What the exercise asks: Only certain lines below are wanted: those starting at the line containing "过后,我们步行沿阶梯上三楼去" and ending at the line containing "Sport spielt in", both included, each retyped exactly.

Records shown:
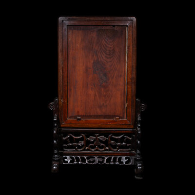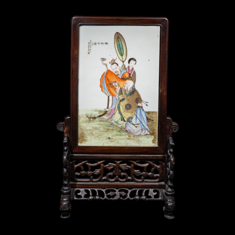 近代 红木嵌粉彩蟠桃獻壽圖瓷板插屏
---
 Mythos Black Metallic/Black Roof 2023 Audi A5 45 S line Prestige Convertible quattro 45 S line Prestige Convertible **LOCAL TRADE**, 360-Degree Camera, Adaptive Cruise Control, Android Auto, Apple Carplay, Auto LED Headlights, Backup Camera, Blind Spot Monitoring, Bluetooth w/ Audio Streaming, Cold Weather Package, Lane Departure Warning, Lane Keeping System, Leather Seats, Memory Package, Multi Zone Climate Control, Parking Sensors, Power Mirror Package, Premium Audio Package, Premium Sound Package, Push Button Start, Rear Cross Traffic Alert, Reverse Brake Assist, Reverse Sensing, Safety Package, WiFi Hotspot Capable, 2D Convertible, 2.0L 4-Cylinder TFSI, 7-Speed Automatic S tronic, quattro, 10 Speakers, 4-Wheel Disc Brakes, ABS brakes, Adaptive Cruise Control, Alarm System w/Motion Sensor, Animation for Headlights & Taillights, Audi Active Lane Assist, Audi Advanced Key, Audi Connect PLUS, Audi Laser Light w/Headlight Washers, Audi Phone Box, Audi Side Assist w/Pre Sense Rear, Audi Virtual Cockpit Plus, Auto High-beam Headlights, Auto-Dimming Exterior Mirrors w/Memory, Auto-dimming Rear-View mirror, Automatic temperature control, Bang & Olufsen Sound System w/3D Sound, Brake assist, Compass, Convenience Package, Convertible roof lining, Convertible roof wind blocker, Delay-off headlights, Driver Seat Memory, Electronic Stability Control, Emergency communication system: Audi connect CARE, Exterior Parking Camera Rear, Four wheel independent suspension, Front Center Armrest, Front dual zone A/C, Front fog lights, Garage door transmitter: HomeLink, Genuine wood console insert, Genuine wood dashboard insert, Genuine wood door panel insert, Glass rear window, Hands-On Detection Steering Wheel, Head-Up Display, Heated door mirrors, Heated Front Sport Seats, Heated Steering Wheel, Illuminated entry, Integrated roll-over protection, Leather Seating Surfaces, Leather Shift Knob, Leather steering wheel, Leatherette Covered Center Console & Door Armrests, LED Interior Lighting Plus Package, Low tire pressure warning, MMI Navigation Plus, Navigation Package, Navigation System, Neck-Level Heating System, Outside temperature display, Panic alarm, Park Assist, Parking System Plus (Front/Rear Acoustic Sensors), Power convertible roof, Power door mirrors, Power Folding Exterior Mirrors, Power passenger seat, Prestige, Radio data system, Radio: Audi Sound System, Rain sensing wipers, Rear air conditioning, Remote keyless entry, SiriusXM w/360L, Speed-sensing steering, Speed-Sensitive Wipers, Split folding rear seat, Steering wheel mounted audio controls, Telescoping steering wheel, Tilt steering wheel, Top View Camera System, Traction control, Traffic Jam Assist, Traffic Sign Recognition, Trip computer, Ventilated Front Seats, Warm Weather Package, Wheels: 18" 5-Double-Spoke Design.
--
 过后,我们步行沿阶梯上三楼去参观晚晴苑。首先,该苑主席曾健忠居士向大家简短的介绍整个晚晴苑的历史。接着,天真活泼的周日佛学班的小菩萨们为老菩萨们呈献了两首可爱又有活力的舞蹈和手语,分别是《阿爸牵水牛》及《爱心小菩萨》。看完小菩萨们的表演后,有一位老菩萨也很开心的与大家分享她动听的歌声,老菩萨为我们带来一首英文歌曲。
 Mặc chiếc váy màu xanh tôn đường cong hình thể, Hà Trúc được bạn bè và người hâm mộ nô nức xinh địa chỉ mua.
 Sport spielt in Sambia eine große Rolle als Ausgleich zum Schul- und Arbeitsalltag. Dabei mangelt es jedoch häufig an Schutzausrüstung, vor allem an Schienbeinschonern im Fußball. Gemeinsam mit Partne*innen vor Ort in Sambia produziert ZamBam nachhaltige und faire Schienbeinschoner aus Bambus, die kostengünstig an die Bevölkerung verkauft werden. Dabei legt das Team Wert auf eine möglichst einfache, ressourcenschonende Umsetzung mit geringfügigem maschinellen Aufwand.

Solution:
 过后,我们步行沿阶梯上三楼去参观晚晴苑。首先,该苑主席曾健忠居士向大家简短的介绍整个晚晴苑的历史。接着,天真活泼的周日佛学班的小菩萨们为老菩萨们呈献了两首可爱又有活力的舞蹈和手语,分别是《阿爸牵水牛》及《爱心小菩萨》。看完小菩萨们的表演后,有一位老菩萨也很开心的与大家分享她动听的歌声,老菩萨为我们带来一首英文歌曲。
 Mặc chiếc váy màu xanh tôn đường cong hình thể, Hà Trúc được bạn bè và người hâm mộ nô nức xinh địa chỉ mua.
 Sport spielt in Sambia eine große Rolle als Ausgleich zum Schul- und Arbeitsalltag. Dabei mangelt es jedoch häufig an Schutzausrüstung, vor allem an Schienbeinschonern im Fußball. Gemeinsam mit Partne*innen vor Ort in Sambia produziert ZamBam nachhaltige und faire Schienbeinschoner aus Bambus, die kostengünstig an die Bevölkerung verkauft werden. Dabei legt das Team Wert auf eine möglichst einfache, ressourcenschonende Umsetzung mit geringfügigem maschinellen Aufwand.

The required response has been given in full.